1) Alter table takes a name-lock

On 5.0 the alter table function needs to acquire a exclusive name-lock
on the source table to ensure that no concurrent DDL operations will
modify it, which also unfortunately prevents other threads from accessing
it. The mysql_create_like_table() contains a detailed explanation on
why this is done this way. Fixed on 5.1 in Bug#23667

How to repeat:

connection c1;
lock tables t1 read;
connection c2;
--send create table t2 like t1;
connection c3;
--send select * from t1;

2) Kill of waiting name-lock (create table like) crashes server

The mysql_create_like_table() has a bug that if the connection is
killed while waiting for the name-lock on the source table, it will
jump to the wrong error path and try to unlock the source table and
LOCK_open, but both weren't locked.

mysql_create_like_table():
  if (lock_and_wait_for_table_name(thd, src_table))
    goto err;

  pthread_mutex_lock(&LOCK_open);

err:
  unlock_table_name(thd, src_table);
  pthread_mutex_unlock(&LOCK_open);
  DBUG_RETURN(res);

How to repeat:

connection c1;
lock tables t1 read;
connection c2;
--send create table t2 like t1;
connection c3;
--send select * from t1;
connection default;
kill 3;

3) Kill of a pending name-lock doesn't broadcast refresh

When a pending name-lock on the source table is cancelled,
other threads waiting for (read) locks on the table are not notified
that they should try again to grab the lock, causing them to
wait indefinitely until the table is unlocked by the first lock
tables (broadcasts a refresh).

How to repeat:

connection c1;
lock tables t1 read;
connection c2;
--send create table t2 like t1;
connection c3;
--send select * from t1;
connection default;
kill 3;
connection c3;
--reap
[23 Nov 2007 16:59] Davi Arnaut
After some internal discussions:

1) Requires risky changes, not worth on 5.0 and is fixed on 5.1+.
2) To be fixed.
3) Requires risky changes, to be addressed once the new MDL is implemented.
[28 Nov 2007 12:11] Davi Arnaut
The problem being fixed in the patch for this bug is a bad lock interaction if CREATE TABLE LIKE is killed while waiting for a name-lock on the source table.

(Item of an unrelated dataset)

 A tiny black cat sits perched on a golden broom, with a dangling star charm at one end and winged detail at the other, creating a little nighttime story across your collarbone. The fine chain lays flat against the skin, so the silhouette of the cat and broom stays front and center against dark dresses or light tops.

The transactional context doesn’t make any difference.

Moreover, expanding my comments:

1) CREATE TABLE takes a name-lock on source table

"On 5.0 the CREATE TABLE LIKE function needs to acquire a exclusive name-lock .."

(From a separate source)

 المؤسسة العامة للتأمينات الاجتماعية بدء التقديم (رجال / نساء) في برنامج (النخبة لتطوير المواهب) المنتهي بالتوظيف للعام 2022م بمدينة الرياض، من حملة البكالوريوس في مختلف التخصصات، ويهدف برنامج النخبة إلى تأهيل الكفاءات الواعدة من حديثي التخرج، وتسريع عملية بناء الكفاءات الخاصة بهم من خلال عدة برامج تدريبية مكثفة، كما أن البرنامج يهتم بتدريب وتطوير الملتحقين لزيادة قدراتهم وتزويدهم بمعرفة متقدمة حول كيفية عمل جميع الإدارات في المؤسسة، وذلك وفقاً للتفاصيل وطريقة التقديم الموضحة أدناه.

It's CREATE TABLE LIKE, not alter table.

Please note that this bug is fixed in 5.1

3) This problem is NOT going to be addressed in this bug. It's going to be fixed within the scope of Bug#30701
[28 Nov 2007 12:18] Bugs System
A patch for this bug has been committed. After review, it may
be pushed to the relevant source trees for release in the next
version. You can access the patch from:

  http://lists.mysql.com/commits/38692

ChangeSet@1.2588, 2007-11-28 10:18:01-02:00, davi@mysql.com +3 -0
  Bug#31479 Bad lock interaction if CREATE TABLE LIKE is killed
  
  Kill of a CREATE TABLE source_table LIKE statement waiting for a
  name-lock on the source table causes a bad lock interaction.
  
  The mysql_create_like_table() has a bug that if the connection is
  killed while waiting for the name-lock on the source table, it will
  jump to the wrong error path and try to unlock the source table and
  LOCK_open, but both weren't locked.
  
  The solution is to simple return when the name lock request is killed,
  it's safe to do so because no lock was acquired and no cleanup is needed.
  
  Original bug report also contains description of other problems
  related to this scenario but they either already fixed in 5.1 or
  will be addressed separately (see bug report for details).
[4 Dec 2007 11:36] Davi Arnaut
Bug#32945 has been marked as a duplicate of this bug.
[6 Dec 2007 9:55] Bugs System
Pushed into 5.0.54
[6 Dec 2007 9:59] Bugs System
Pushed into 5.1.23-rc
[6 Dec 2007 10:01] Bugs System
Pushed into 6.0.5-alpha
[13 Dec 2007 5:43] Dmitry Lenev
Bug #33186 was marked as duplicate of this bug.
[18 Dec 2007 21:17] Paul Dubois
Noted in 5.0.54 changelog.

Killing a CREATE TABLE ... LIKE statement that was waiting for a name
lock caused a server crash. When the statement was killed, the server
attempted to release locks that were not held.